(Dataset records)
▽
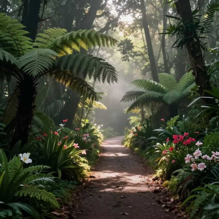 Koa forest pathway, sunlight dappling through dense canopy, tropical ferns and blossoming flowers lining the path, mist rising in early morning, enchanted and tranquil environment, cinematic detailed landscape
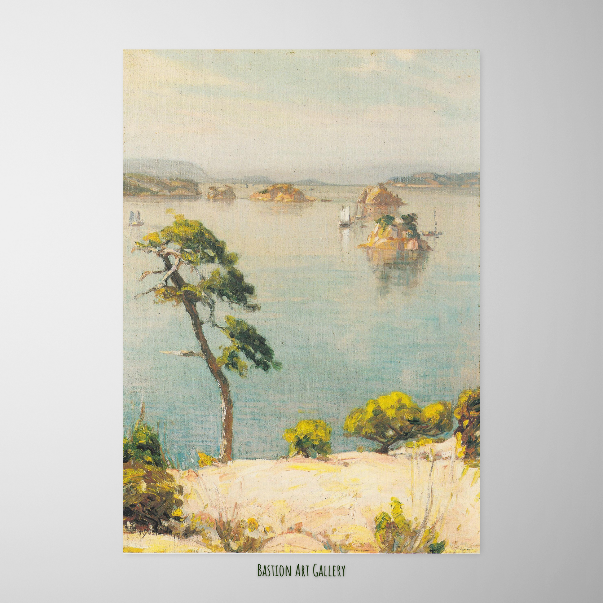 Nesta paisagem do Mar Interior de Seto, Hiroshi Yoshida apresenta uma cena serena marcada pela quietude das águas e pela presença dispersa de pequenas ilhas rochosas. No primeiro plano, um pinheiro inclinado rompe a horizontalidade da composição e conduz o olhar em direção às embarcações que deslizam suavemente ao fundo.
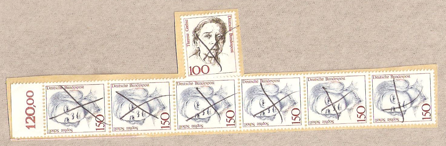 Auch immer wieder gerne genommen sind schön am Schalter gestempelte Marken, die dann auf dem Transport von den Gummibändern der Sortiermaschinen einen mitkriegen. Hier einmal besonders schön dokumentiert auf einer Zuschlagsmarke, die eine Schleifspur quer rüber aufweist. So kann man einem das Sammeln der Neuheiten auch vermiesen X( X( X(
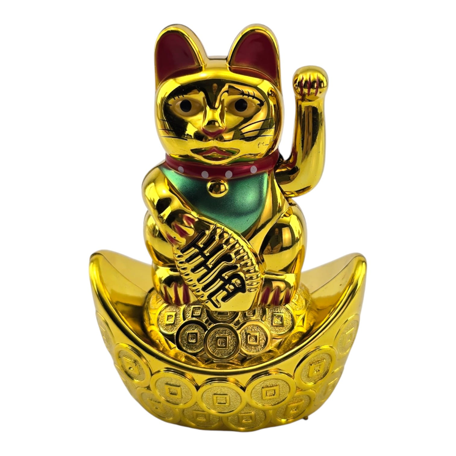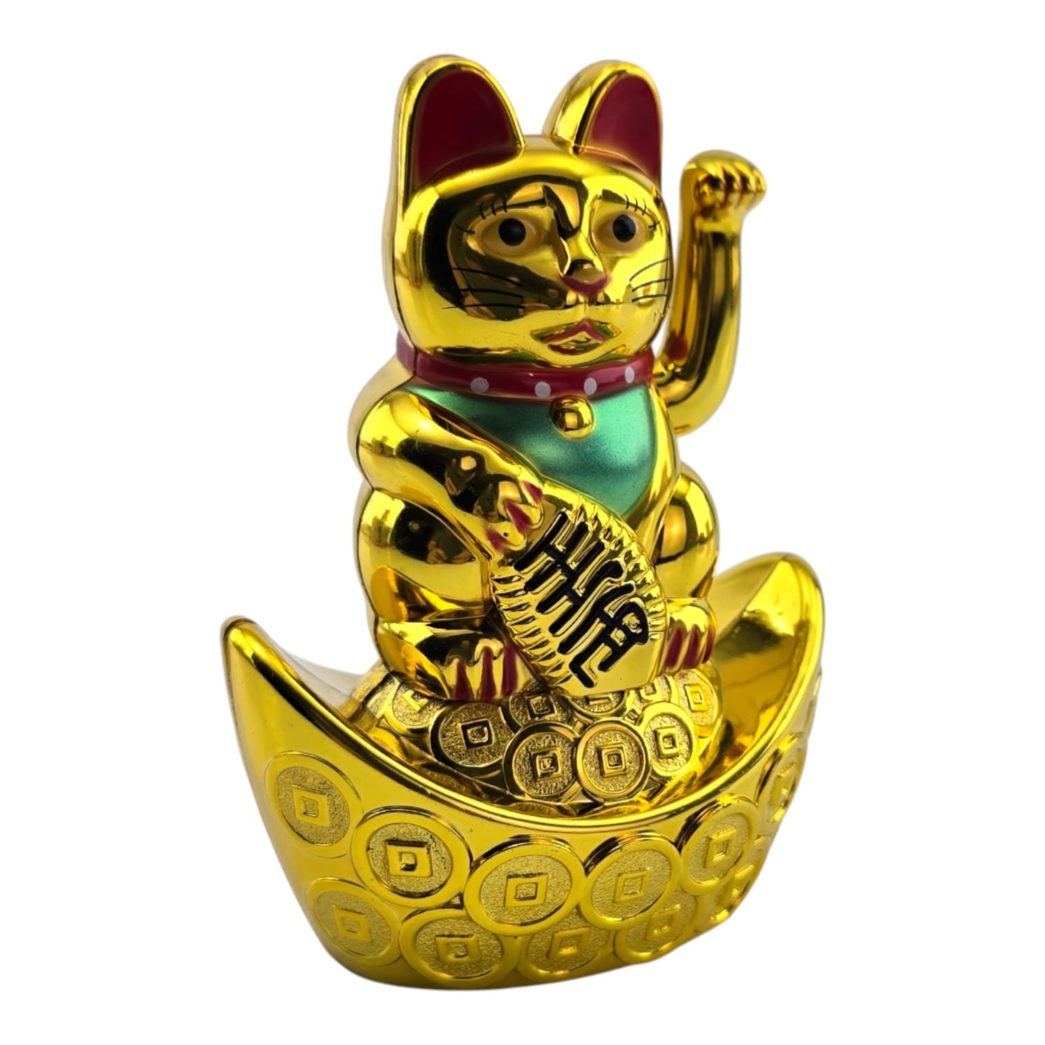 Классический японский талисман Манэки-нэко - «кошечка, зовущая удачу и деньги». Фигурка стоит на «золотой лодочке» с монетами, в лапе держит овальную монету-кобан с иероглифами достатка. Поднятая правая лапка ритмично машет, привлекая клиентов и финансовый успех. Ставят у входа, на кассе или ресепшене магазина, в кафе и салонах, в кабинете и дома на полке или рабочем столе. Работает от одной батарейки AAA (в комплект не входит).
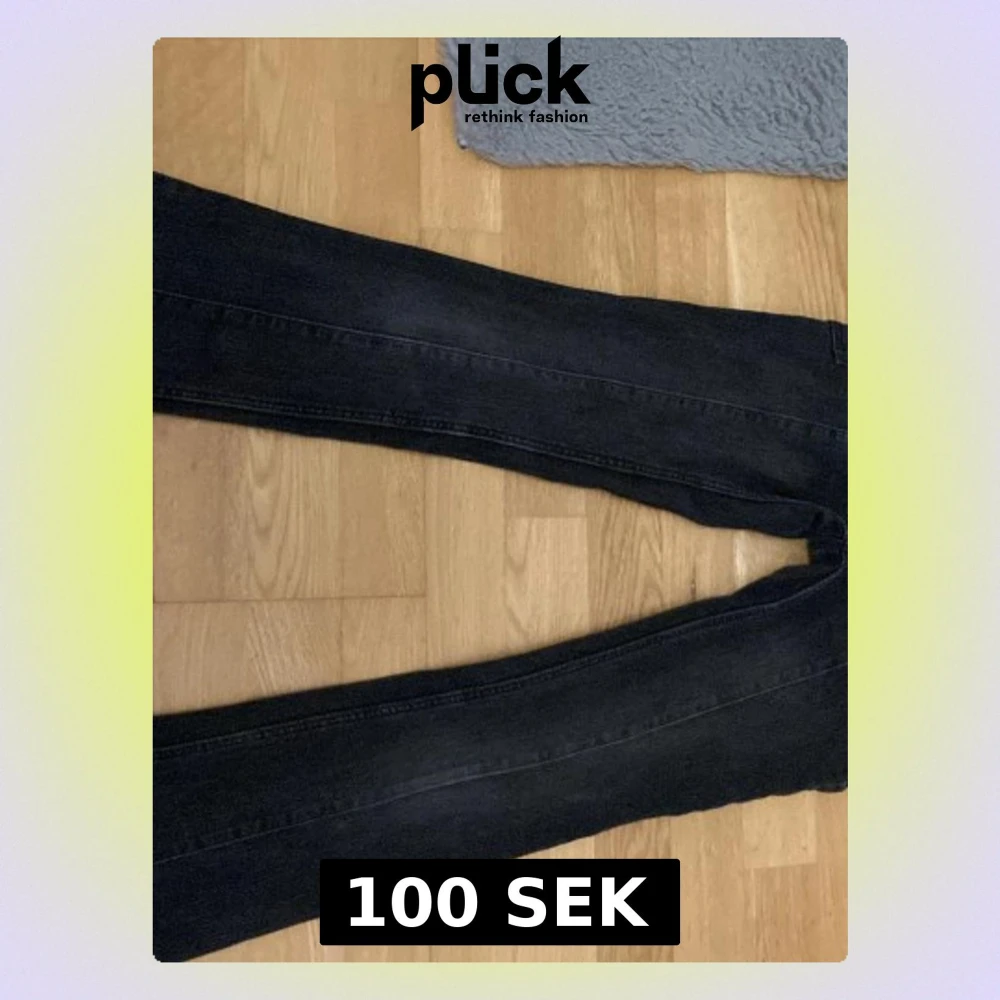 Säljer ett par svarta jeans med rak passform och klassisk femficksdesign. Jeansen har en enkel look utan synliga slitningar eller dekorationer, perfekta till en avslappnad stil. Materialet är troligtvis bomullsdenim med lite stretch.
△
Task details: When copying, output the data exactly and leave out the pictures.

Result of this task:
 Koa forest pathway, sunlight dappling through dense canopy, tropical ferns and blossoming flowers lining the path, mist rising in early morning, enchanted and tranquil environment, cinematic detailed landscape
 Nesta paisagem do Mar Interior de Seto, Hiroshi Yoshida apresenta uma cena serena marcada pela quietude das águas e pela presença dispersa de pequenas ilhas rochosas. No primeiro plano, um pinheiro inclinado rompe a horizontalidade da composição e conduz o olhar em direção às embarcações que deslizam suavemente ao fundo.
 Auch immer wieder gerne genommen sind schön am Schalter gestempelte Marken, die dann auf dem Transport von den Gummibändern der Sortiermaschinen einen mitkriegen. Hier einmal besonders schön dokumentiert auf einer Zuschlagsmarke, die eine Schleifspur quer rüber aufweist. So kann man einem das Sammeln der Neuheiten auch vermiesen X( X( X(
 Классический японский талисман Манэки-нэко - «кошечка, зовущая удачу и деньги». Фигурка стоит на «золотой лодочке» с монетами, в лапе держит овальную монету-кобан с иероглифами достатка. Поднятая правая лапка ритмично машет, привлекая клиентов и финансовый успех. Ставят у входа, на кассе или ресепшене магазина, в кафе и салонах, в кабинете и дома на полке или рабочем столе. Работает от одной батарейки AAA (в комплект не входит).
 Säljer ett par svarta jeans med rak passform och klassisk femficksdesign. Jeansen har en enkel look utan synliga slitningar eller dekorationer, perfekta till en avslappnad stil. Materialet är troligtvis bomullsdenim med lite stretch.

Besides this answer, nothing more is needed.